Açtığım yoldan gelen var

Ben lisedeyken yani epey evvel okula gitmediğimiz zaman veli tarafından okula onun bilgisi dahilinde gitmediğini belgelemek için kullanılan bir pusula vardı.Biz bol bol okul kırardık. Bağdat Caddesi , Bostancı yürüme mesafesindeydi. Şimdiki Mark and Spencer'in yerinde ise sinema ve kafe vardı. Birde Kızıltoprak'ta sinema vardı. Habire okulu kırıp gezer, sinemaya giderdik.
Rahmetli babamın imzası çok basitti. Bir şimşek, üstünde 2 nokta. Ben habire babamın yerine pusulayı imzalar dururdum gitmediğim günler için.
Artık açtığım yoldan gelen bir kızım var, gururlu muyum?
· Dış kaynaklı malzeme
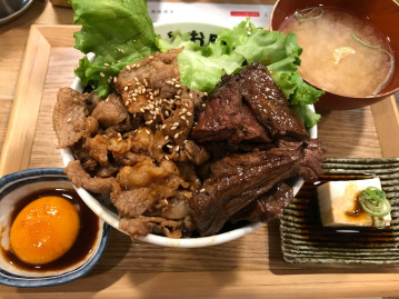 大迫力!!カルビとはらみ両方が楽しめるスペシャルな丼です。
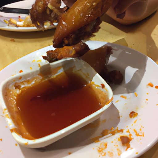 Now it’s time to dip and eat your wings! Start by dipping the wing into the sauce of your choice. Be sure to coat it well and make sure the sauce gets into all the nooks and crannies of the wing. Once the wing is fully coated, take small bites to savor the flavor. This will help you to appreciate the texture and taste of the wings, as well as the flavor of the sauce.
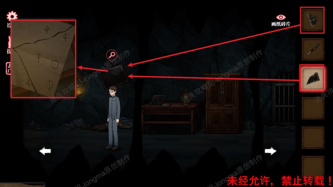 4.查看桌子上的盒子,完成拼图小游戏(将有符文的方框移动至对应的符文标记上),获得第二块【画纸碎片】。4
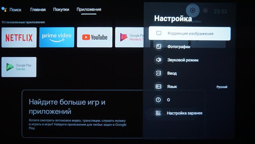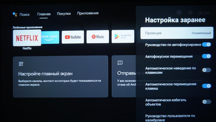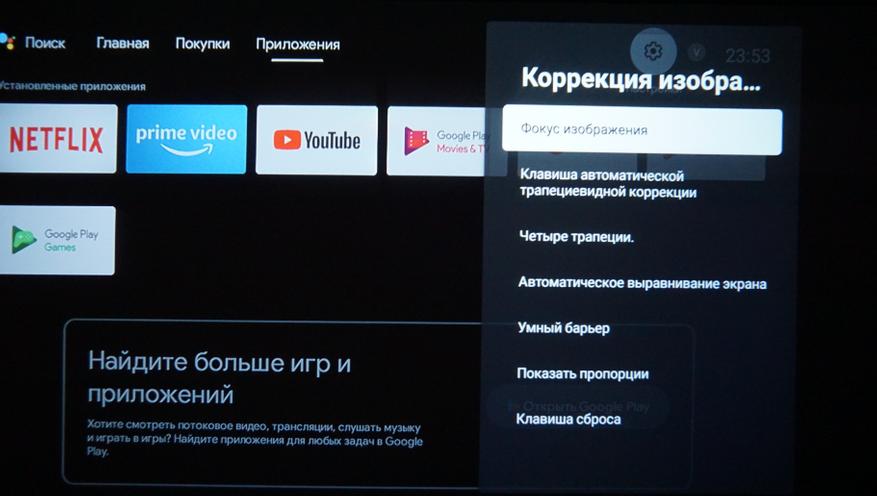 В качестве смарт-системы проектора предустановлена ОС Android версии 11. Имеется обновление как самой ОС, так и встроенного ПО проектора. Есть возможность установить приложения как с маркета, так и пользовательские (с веб-сервисов или с внешней флешки). Кстати, фильмы можно смотреть с USB-флешки или внешнего HDD, подключённого к порту USB на задней панели. Предусмотрен ряд системных настроек, настроек изображения (в том числе ручная коррекция).
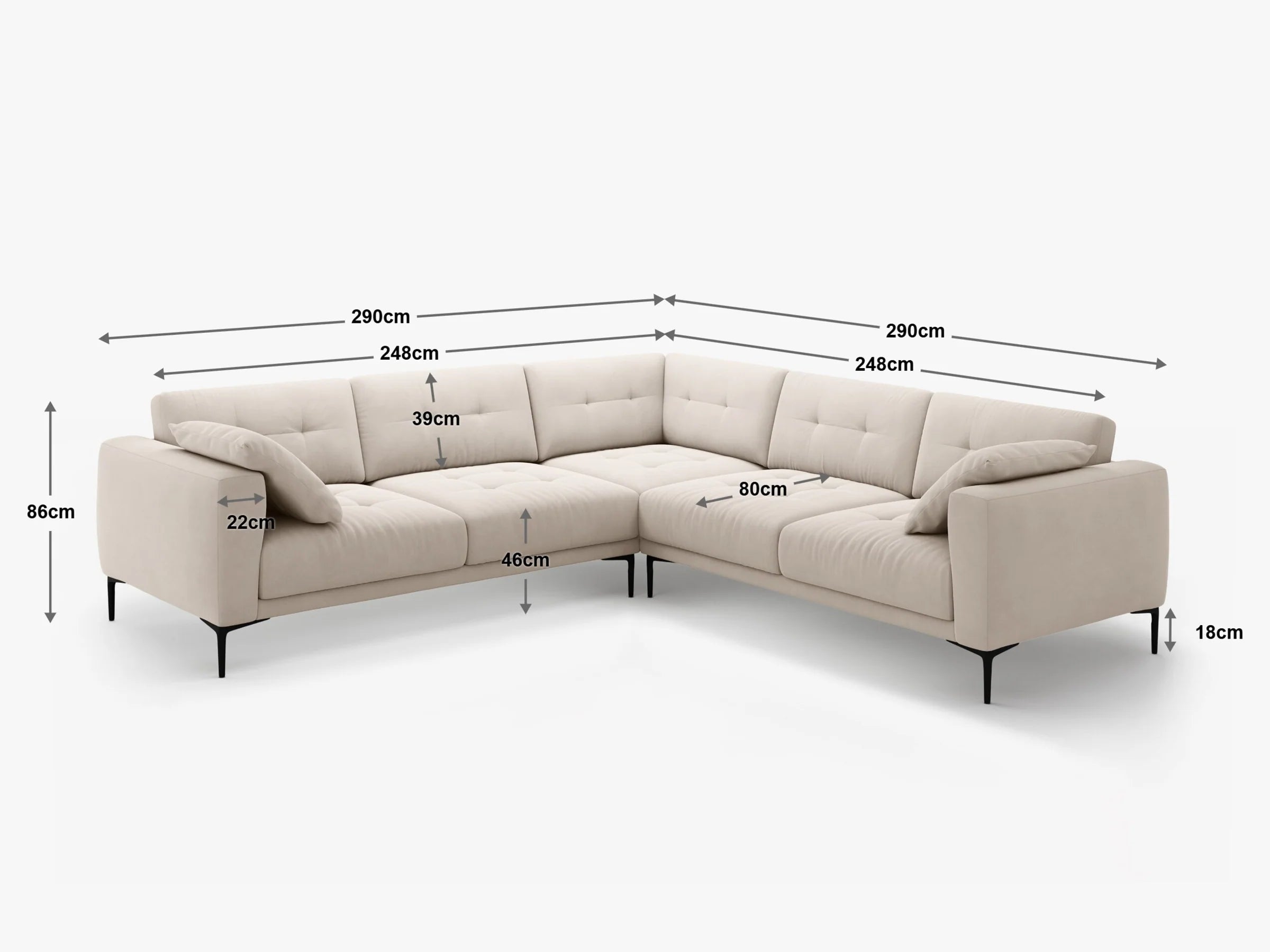 Symmetrical corner sofa Bemy combines a harmonious form with deep comfort, creating an elegant and functional piece for a modern living room. Its spacious seating area provides comfort for everyday relaxation, gatherings with loved ones, or movie nights.
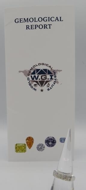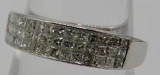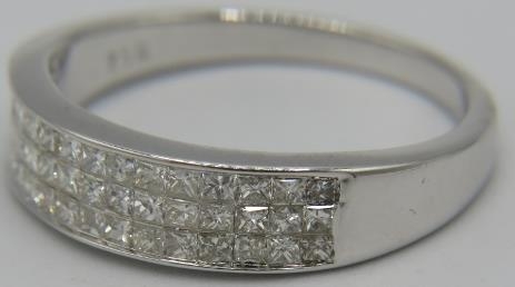 Certificated 18ct white gold invisible set nine stone princess cut diamond ring, size N. Diamonds approx 0.75ct. Certificate No: WGI9624126502.
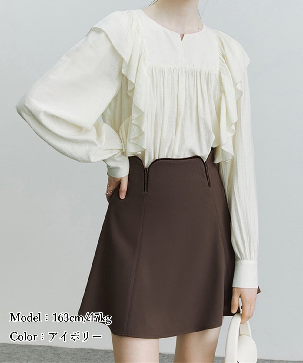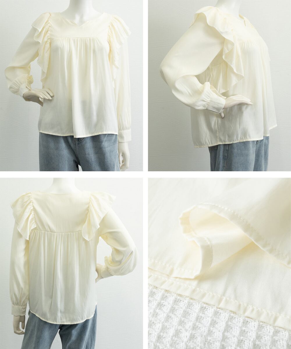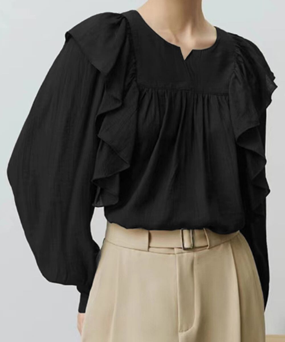 肩から胸元にかけて大きめのラッフルフリルデザインが目を惹く主役級のブラウス

EVET!
Dün okuldan gelen bu zottik
"Sanırım ben ayın 16-17'sinde hasta olacağım" dedi.
"Neden?" diye sordum.
"Tam hatırlamıyorum ama -ennn sık kullandığı kalıp bu- o tarihlerde ayak parmağımızdan aşı yapacaklarmış. Ben istemiyorum" dedi.
"Kızım, yazı falan vermediler mi bunun için?" dedim.
"Verdiler" dedi.
"Git getir o zaman" dedim, getirdi.
Ancak bana vermeden kendi okumak istedi sonra zor şer bana kağıdı verdi.
Yazıda Kartal Belediyesi ve Okulların ortak çalışması olarak 16-17 Nisan tarihleri arasında çocuklardan parmak ucundan kan ve idrar tahlili alınacağı belirtilerek veliye "istiyorum" ve "istemiyorum" diye seçenek sunulup birde veli adı-soyadı ve imza kısmı yer alıyordu.
"istemiyorum" seçeneği ve veli adı-soyadı yazılmış, yerime acubik bir imza atılmış ve silgiyle silinmişti.
"Ne olur istemiyorum'u işaretle anne" diye yalvardı.
İlerde hatırlamak için "Bir yanım tahlilleri yaptırsın, çünkü benim adıma imza atmış çakal, bu da cezası olsun derken, diğer yanım bunların idrar tahlilini nasıl vereceği ve tahlilleri alıp depolamada ve sonuçlarda ve hijyen açısından nasıl güvenilir olacağını düşünerek yaptırmasın diye düşündü."
Netice de çok feci yaşadığım ikilemden tahlili yaptırmama galip geldi ve "evrak sahtecisi" okula neşe içinde gitti.

1 Nisan 2015 Çarşamba

1 ay

2006'dan beri blog yazıyorum, ilk defa bu kadar ara vermişim.  Tam 1 ay.. Bu 1 ayda bazen kendimi de şaşırtarak dışarıya çıkıp insan içine karıştım, karaciğer için yapılan mikro küre tedavisinin tekrarlanmaya gerek olmadığı haberiyle sevindim. Kızımla uzun bir aradan sonra Sindrella filmine gittim. Filmi ana-kız bayıla bayıla izledik. Prensle Sindrella baloda dans ederken İdoş bana dönüp
"Şu ahir ömrümde bir Prensle dans edemedim!" diye hayıflanınca kahkaha krizine girdim. Birlikte 3 oyuncakçı gezdik, yemek yedik ve geç saatte eve döndük. Geçen Cuma ise bondranat isimli kemik koruyucu tedavisinden eve döndüğümde 39,7 ateşle acile gittik. Şimdi çok şükür iyiyim. Gecede 3 kez üst baş değiştirmeme neden olan aşırı terlemeyi saymazsak tabii.
Böyle geçiyor günler işte...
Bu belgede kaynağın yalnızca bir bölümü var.